European Union citizens currently have the right to ask search engines to remove results that include their names following a landmark decision from the European Court of Justice in 2014. Russia and Turkey have since followed suit with laws that allow citizens to delist links.
Google this week revealed for the first time a breakdown of the groups that have requested data to be deleted. The figures showed private citizens had submitted almost 90 per cent of all requests since January 2016, when the company first started to label results by demographic. French, German and British citizens submitted more than half of all requests.
Businesses, government officials and public figures submitted fewer than 7 per cent of the requests.
Alongside the update, Google also published a research paper highlighting the difficulty of determining which search results are inaccurate, inadequate, irrelevant or excessive. It pointed out that two of the most popular targets of right-to-be-forgotten requests were Companies House, a British website for financial disclosures, and the Boletin Oficial del Estado, where the Spanish government posts official notices.
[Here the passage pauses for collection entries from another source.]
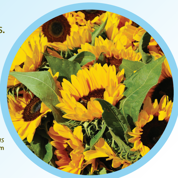
Helianthus annuus

Le cadmium est un métal lourd absorbé par les plantes lorsqu'il se trouve en trop grande concentration dans le sol. D'où son entrée dans la chaîne alimentaire, qui induit des troubles physiologiques. Thlaspi caerulescens est une petite plante utilisée en Europe en extraction de métaux lourds. Des plantes naturalisées ou indigènes telles que Helianthus annuus et Brassica juncea sont d'autres candidates potentielles. Des groupes de six à huit réplicats de chaque espèce ont été exposés à un sol contaminé pendant 39 jours. Par la suite, des tissus cibles ont été digérés à l'acide avant d'être analysés par spectrométrie à émission de plasma d'argon. Les résultats démontrent une différence significative entre la concentration de cadmium trouvée dans les tissus de B. juncea contaminés par rapport aux témoins. Chez H. annuus , la différence a été observée dans les racines plutôt que dans les feuilles. Toutefois, aucune espèce n'a réussi à atteindre la concentration de T. caerulescens , compensant plutôt avec une biomasse plus élevée.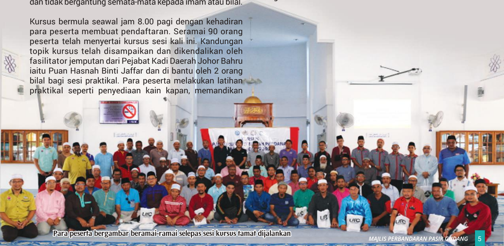
Para peserta bergambar beramai-ramai selepas sesi kursus tamat dijalankan

Kursus bermula seawal jam 8.00 pagi dengan kehadiran para peserta membuat pendaftaran. Seramai 90 orang peserta telah menyertai kursus sesi kali ini. Kandungan topik kursus telah disampaikan dan dikendalikan oleh fasilitator jemputan dari Pejabat Kadi Daerah Johor Bahru iaitu Puan Hasnah Binti Jaffar dan di bantu oleh 2 orang bilal bagi sesi praktikal. Para peserta melakukan latihan praktikal seperti penyediaan kain kapan, memandikan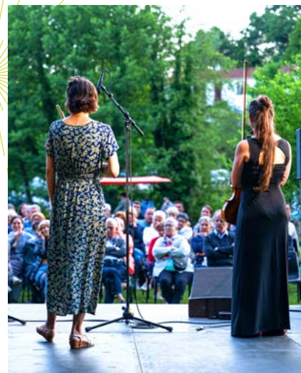
Trio Zerline

Abbaye aux Dames la cité musicale, Saintes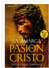
LA AMARGA PASION DE CRISTO (14ªED.) ANA CATALINA EMMERICH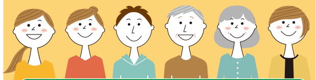
6人以上で開催 2セット

3 大人5人までは1セット、 6人以上で2セットご注文できます。 ※2セットの場合、組み合わせは自由です。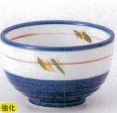
強化 331-3-22B 1,260円 たんざく紋4.0夏目井 50入 12×7.2cm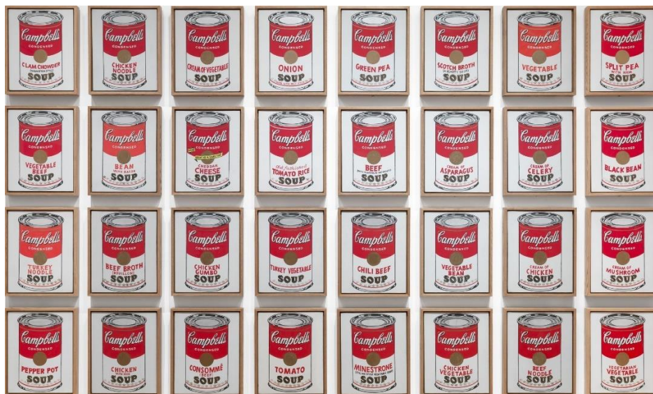
Slika 2.5 Andy Warhol: Campbell's Tomato Soup (1968)

Postmodernisti često koriste masovno proizvedene objekte na jednostavne i ponekad banalne načine čak i kada su im ciljevi i ideje iznimno kompleksni. Kao primjer možemo uzeti Andy Warhola i njegov komentar na masovnu produkciju i komercijalne aspekte „visoke“ umjetnosti kroz reprodukciju seta kutija za juhu (Campbell's Soup Boxes). Ali, moramo uzeti u obzir da ovdje Warhol očigledno prati modernističku tradiciju ready-made-a , koju je inicirao Marcel Duchamp. [4]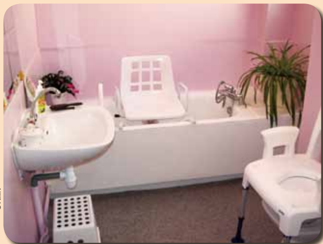
Équipement d'une baignoire pour faciliter le bain.

Contacts : Christian Bessenet 04 77 92 85 81 et Fabrice Roudil 04 72 91 96 59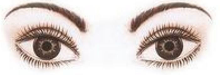
Приподнятые уголки глаз (азиатские глаза)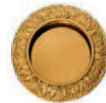
C50700 Ø 64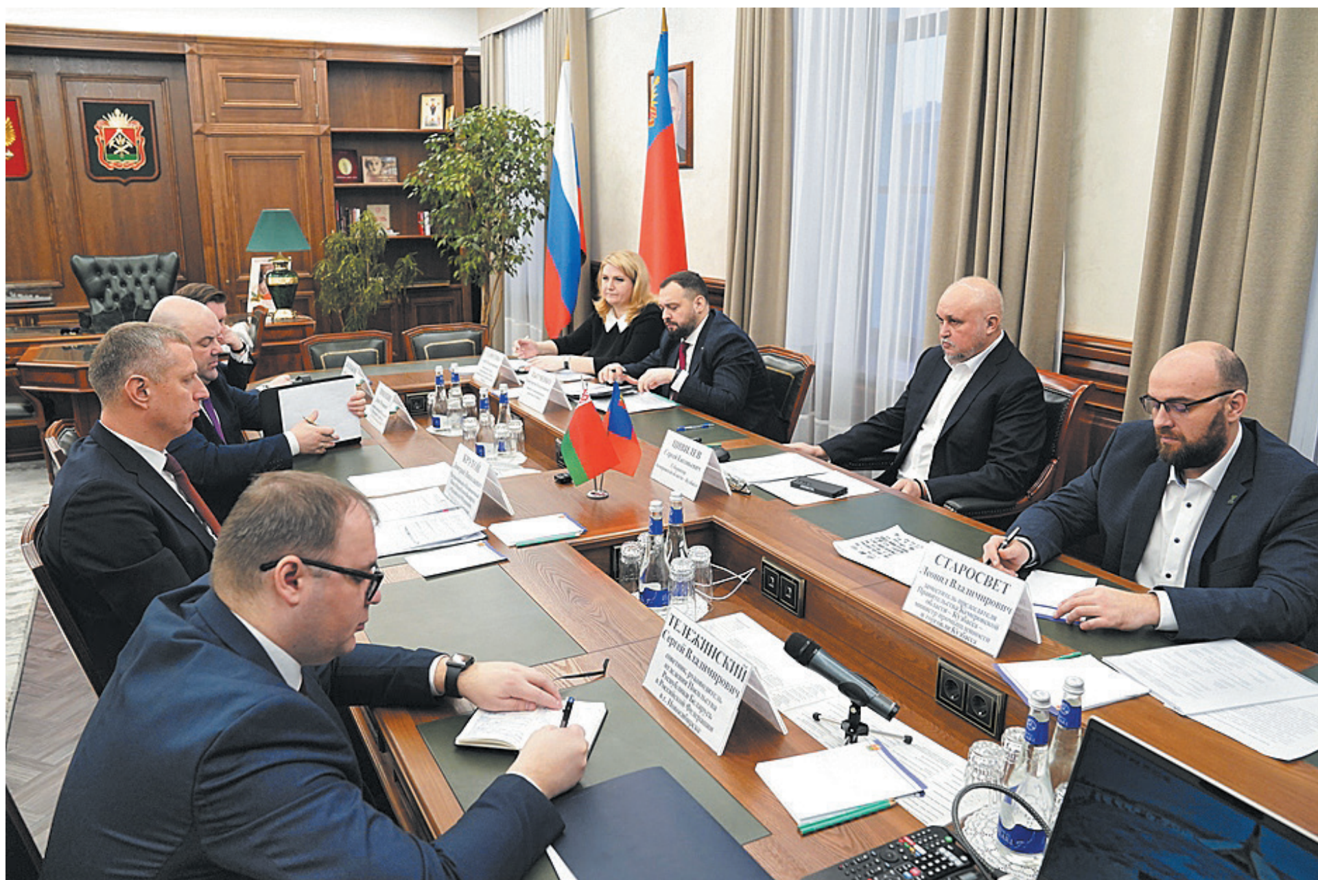
■ Фото Константина Полюцкого.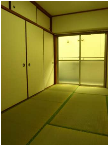
【和室】収納たっぷり!

“We identified two dominant categories of right-to-be-forgotten requests: delisting personal information found on social media and directory sites; and delisting legal history and professional information reported by news outlets and government pages,” the paper said.
“Our results showed the intent behind these requests was nuanced and stemmed in part from variations in regional privacy concerns, local media norms and government practices,” it added.
Google has complied with 43 per cent of all requests to delete search results.
The figures shine a light on attitudes towards data privacy in Europe, which is on the verge of introducing the toughest data-protection rules to date.
Under the general data protection regulation (GDPR) that comes into effect in May, citizens will have even more rights to request that information be deleted. The rules, which are expected to provide the biggest challenge yet to the runaway growth of personal data collection, will allow users to ask for information to be deleted as long as there is no “compelling” reason for it to be retained.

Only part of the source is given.